When Manuel Medeiros brought concerns about the health care his mother was receiving to last month’s Kitimat Health Advocacy Group (KHAG) meeting, he found there were several members who understood exactly how he felt.
Medeiros told the group his mother had been in an acute care bed at Kitimat General for two-and-a-half months because there was not a bed available in the Mountainview Lodge multi-level care wing.
Having given examples of how he felt her care was falling short, he added he was “sick and tired” of being told the Northern Health Authority was going to move his mother out of town, to either Prince Rupert or Terrace.
Kiwanis Village and Delta King Place manager Lucy Borges said that while she couldn’t comment on the specific circumstances of Medeiros’ mother, she could agree “that they do almost threaten families that your loved one will have to leave the commmunity and go into other communities where there is room for them.
“I have seen it with my own eyes and it’s heart breaking.”
Chamber of Commerce representative Trish Parsons said she understood what Medeiros was going through, as would a lot of people in the community.
“This has been going on for at least five years now,” she said, adding, “I lived every aspect of it. I was also threatened that my mother-in-law would be sent elsewhere.”
Thanking Medeiros for bringing his concerns forward, Disabilities Commission rep Mary Monteiro agreed it was a major issue in the community. “We are an aging community.”
Joanne Ong pointed out that people stuck in acute beds because there are none available in Mountainview Lodge were having to pay the NHA as if they were in a multi-level care bed.
Yet in acute you didn’t get the same level of care as in multi-level.
Margaret Warcup pointed out that while she was with the Child Development Centre now, she had a long history in health care including a stint at Terraceview Lodge, Terrace’s multi-level care unit.
She said Kitimat’s problem was it lacked the “documented evidence” of the need within the community so it could get grants to build necessary housing, including MLC.
“We need to do that political step of having it documented”, she emphasized, noting the housing study currently under way was intended to fill that gap.
Pointing out that Susan Adams was the advocate for seniors in the province, Warcup described her as “the link to having better care.”

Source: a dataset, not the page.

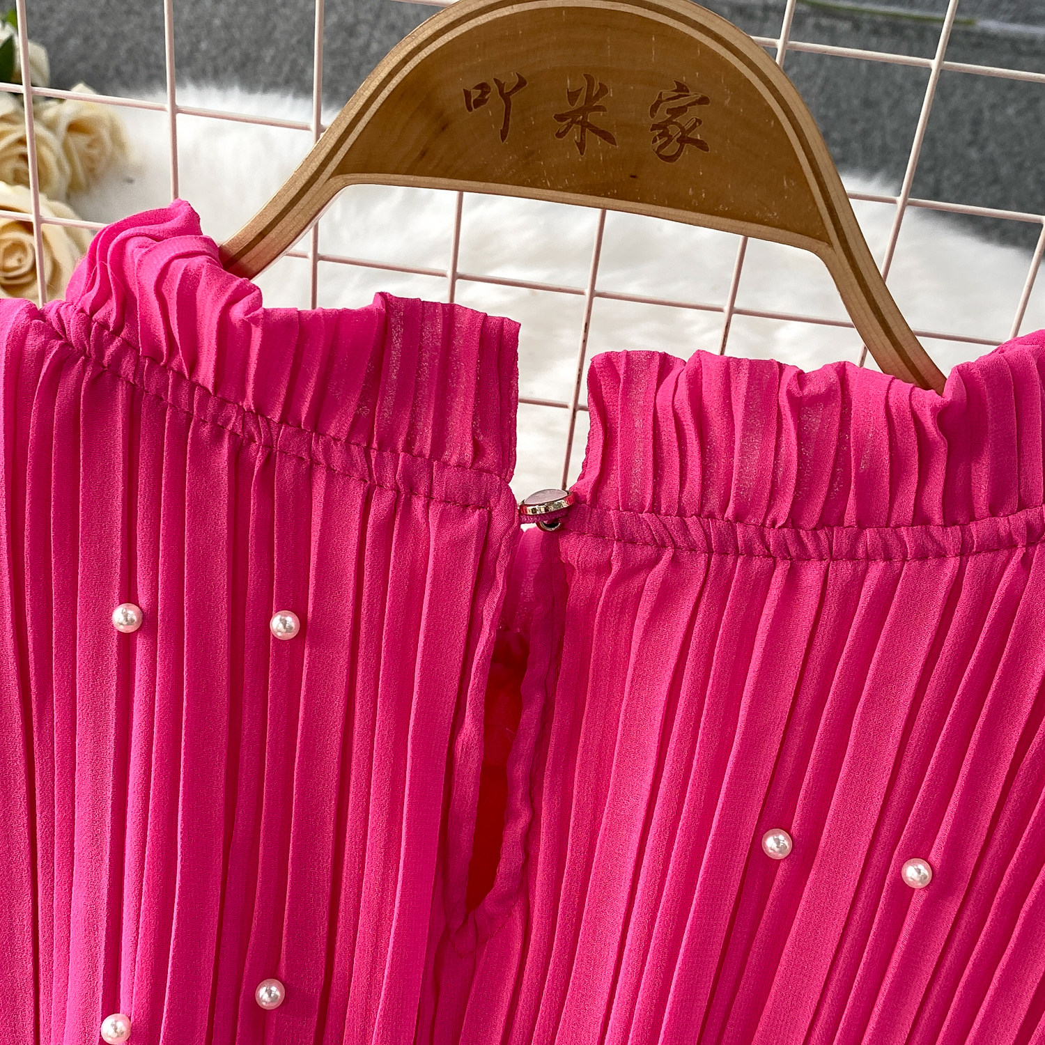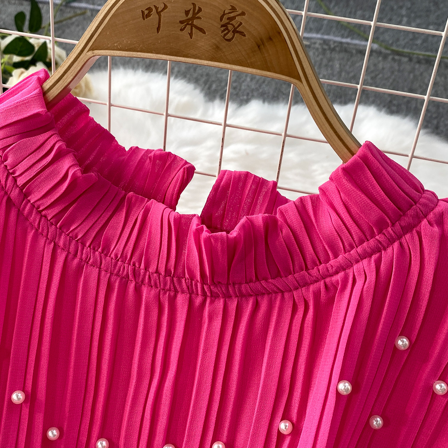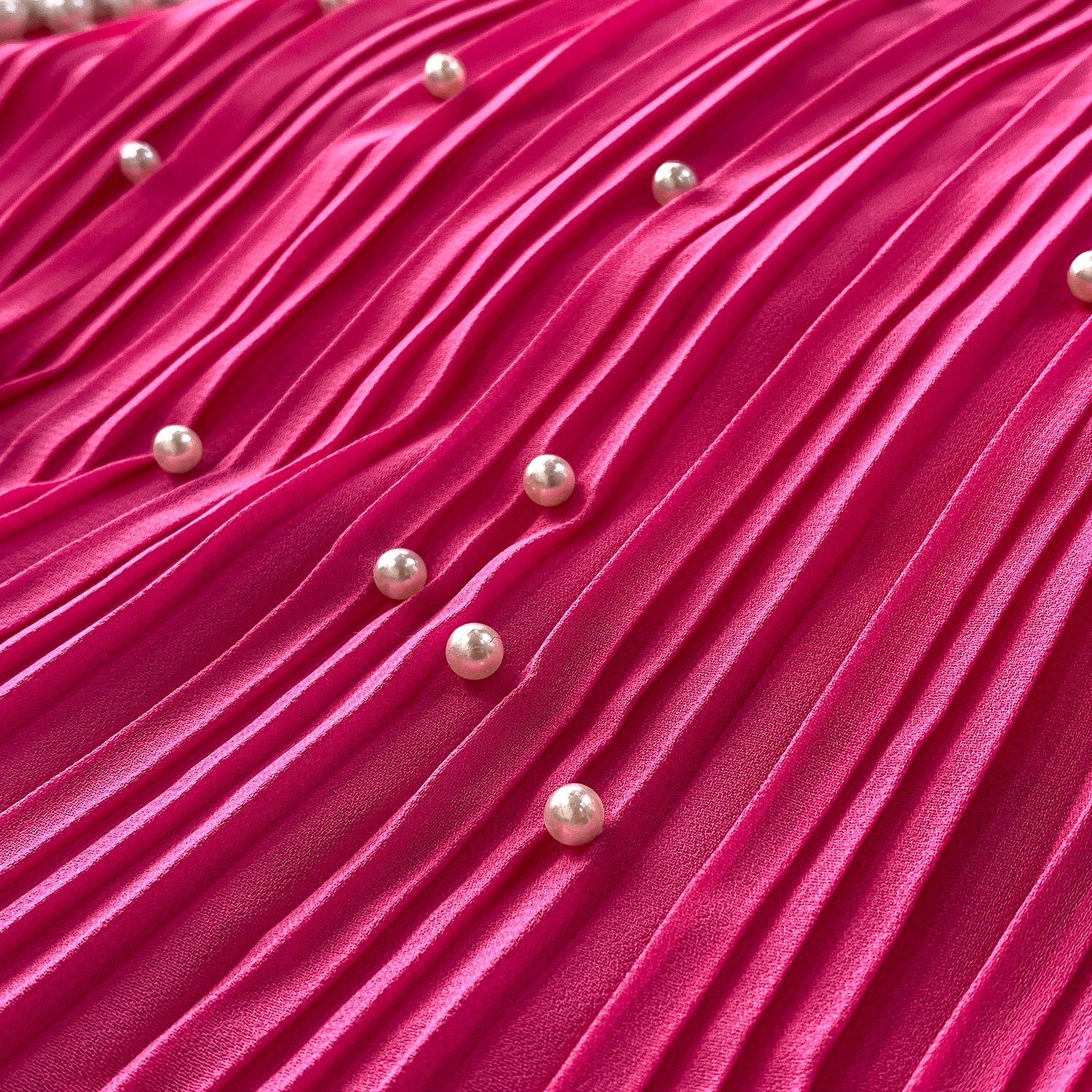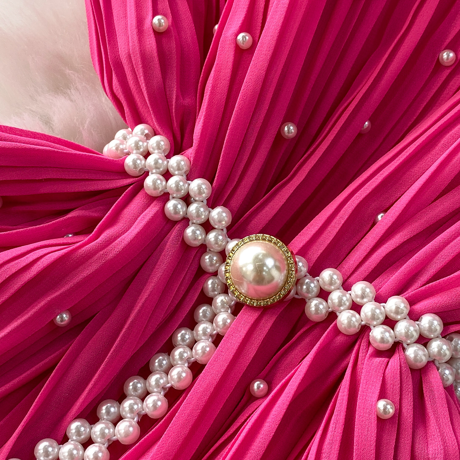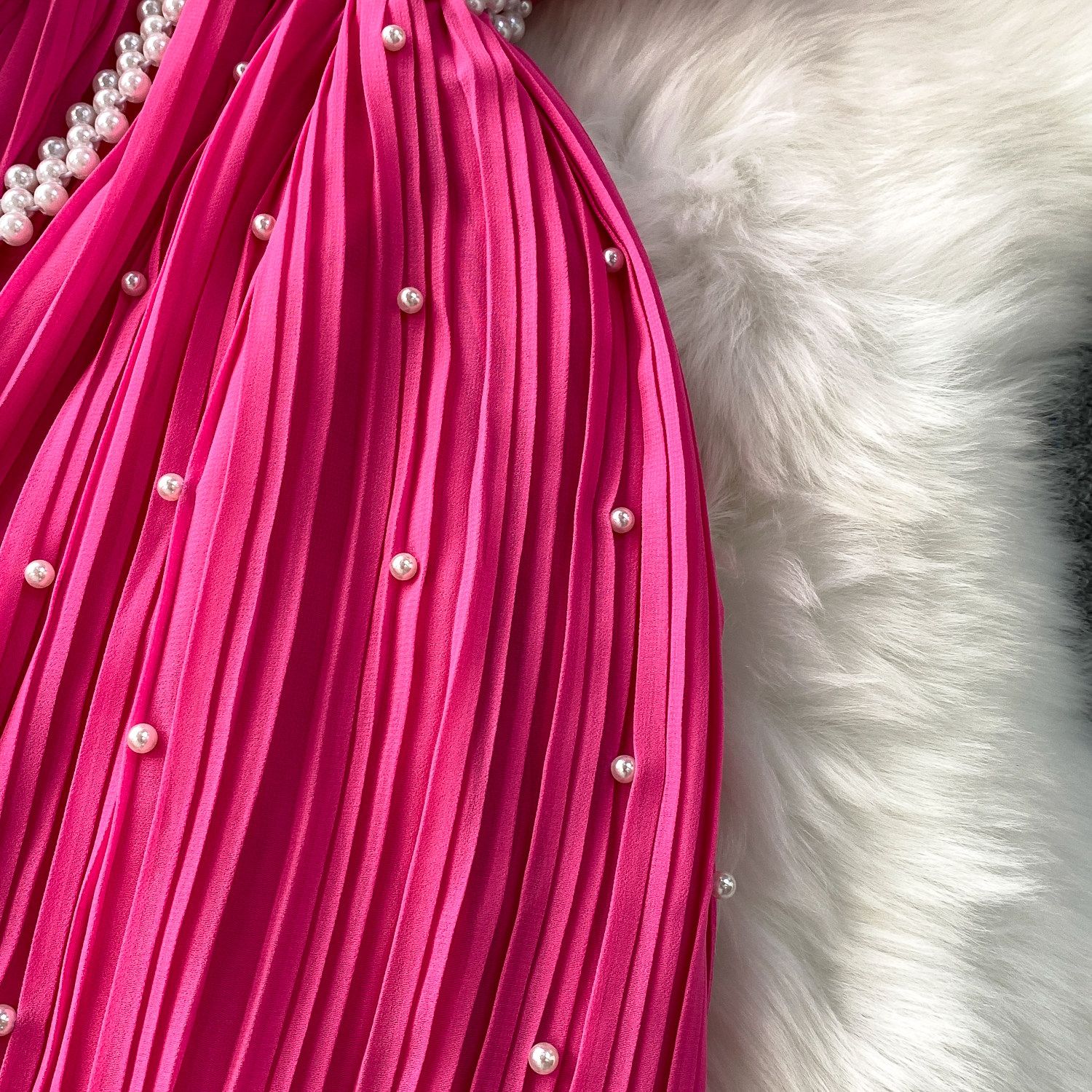Elegant Socialite Style Heavy Pearl Trim Round Neck Dress for Women, New Summer Waist-Cinching Slimming Pleated Long Dress

Warcup therefore urged every family member to phone Adams and say, “It is not working”.
And every health care professional should be giving people Adams’ number.
Chief of medical staff Dr. Derek Carstens said at that moment about 25 per cent of the hospital’s acute beds were occupied by people who should not be there.
As a result, people being brought into emergency were now having to stay there because there was no bed available for them in acute care.
Carstens said the way to avoid sending people out of the community was to ensure they could get the are they needed here.
But in the case of more MLC beds he asked, “Who’s going to build it? The only solution I can see is a private-public partnership.”
And he warned, “This is only going to get worse.”
KHAG chairman Goffinet assured Medeiros that the matter would be raised by the advocacy group at the Standing Committee of Finance meeting in Smithers (see story on page 3) and by city council when they met with senior NHA officials at the Union of BC Municipalities convention. “We are going to demand – again – that this be addressed.